3-5, calculating a total loss function L, and reversely updating network parameters in the initialized information extraction network and the initialized image block classification network according to the total loss function L to respectively obtain an updated information extraction network and an image block classification network, so as to obtain an information subnetwork after one training;

L＝L_p-cls+L_cal

wherein L is_p-clsIn order to be a function of the first loss,

y_r,k,jis an indicator variable, y_r,k,jWhen the jth category of the kth image block selected from the r-th MRI image is the same as the category of the MRI image, y is 0 or 1_r,k,jIf not, then y_r,k,j＝0；c_r,k,jThe classification probability of the kth image block selected from the r MRI images belonging to the jth category; n is the total number of categories; l is_calIn order to be a function of the second loss,

f '═ M' < '> F, wherein M' ═ TI (M)

2. The MRI image classification method according to claim 1, characterized in that: the information map extraction network constructed in the step 3 is a 3D ResNet18 with global average pooling and full connection layers removed, and a convolution layer with three layers of convolution kernels 1 × 1 is added, and the constructed image block classification network is a 3D ResNet 10.

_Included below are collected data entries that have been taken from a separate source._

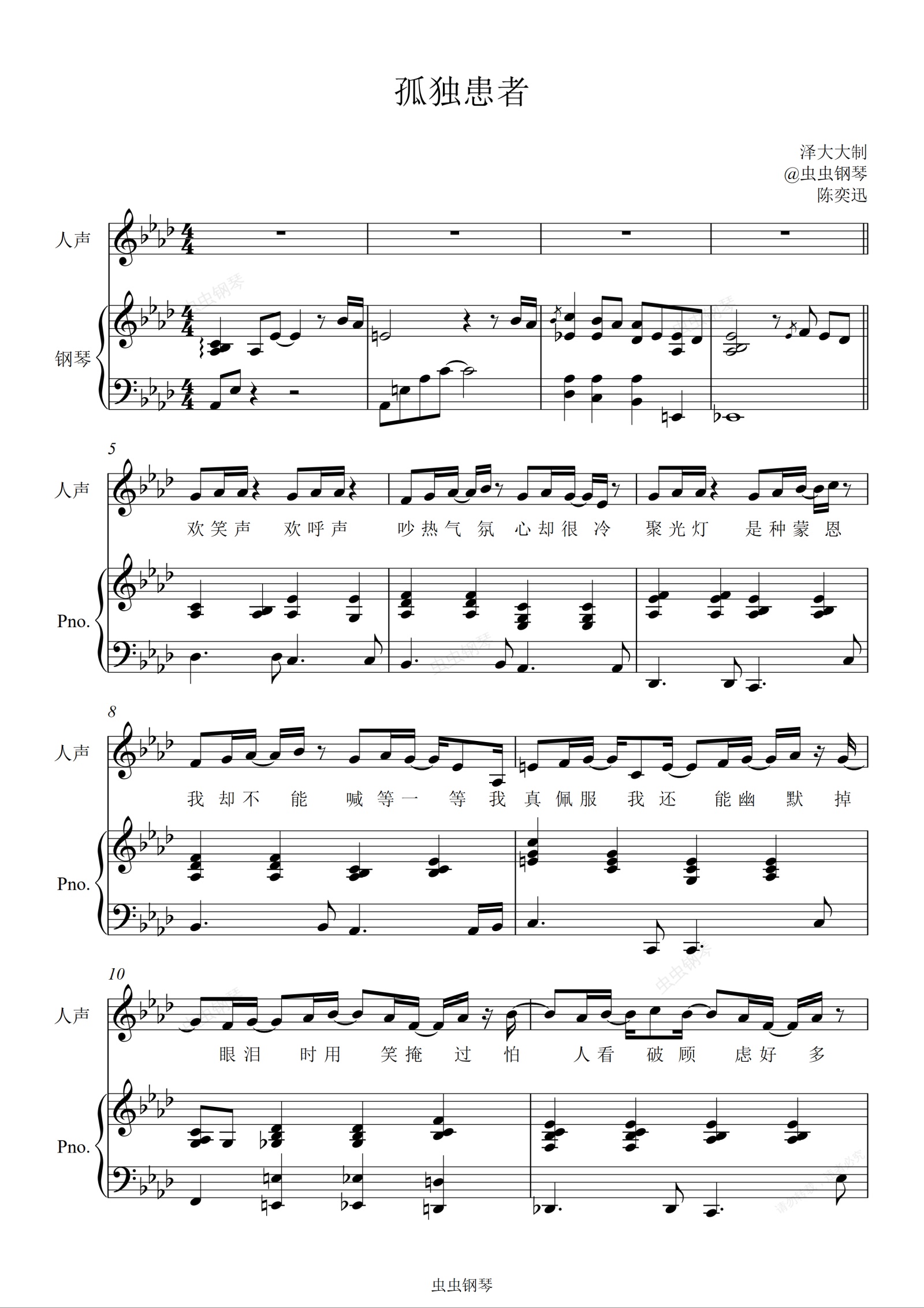 鋼琴譜:孤獨(dú)患者【原版彈唱附詞】陳奕迅 方大同
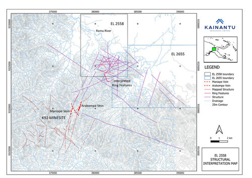 - an interpreted ring feature circa 1.5km in diameter situated on the triple junction of KRL North's EL2558 and El2665 tenements; and K92 Mining's tenement (see figure 1 below inclusive of interpreted ring features at KRL North).
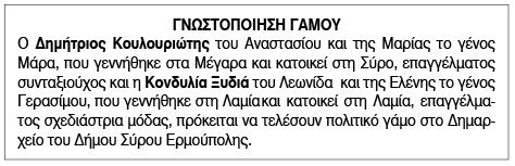 Γνωστοποίηση γάμου για Κουλουριώτη Δημήτριο και Κονδυλία Ξυδιά Κείμενο Βλέπε εικόνα. Αριθμός Φύλλου: Αριθμός Φύλλου 6755 Κατηγορία: Κατηγορία Γνωστοποίηση Γάμου

3. The MRI image classification method according to claim 1, characterized in that: the method for calculating the confidence of each image block in the step 3-4 comprises the following steps: and respectively carrying out one-hot coding on each category to which each image block belongs, and taking the classification probability corresponding to the category coded as 1 as the confidence coefficient of the image block.

4. The MRI image classification method according to claim 1, characterized in that: the hierarchical attention subnetwork constructed in the step 5 is a network with 3D ResNet34 as a backbone.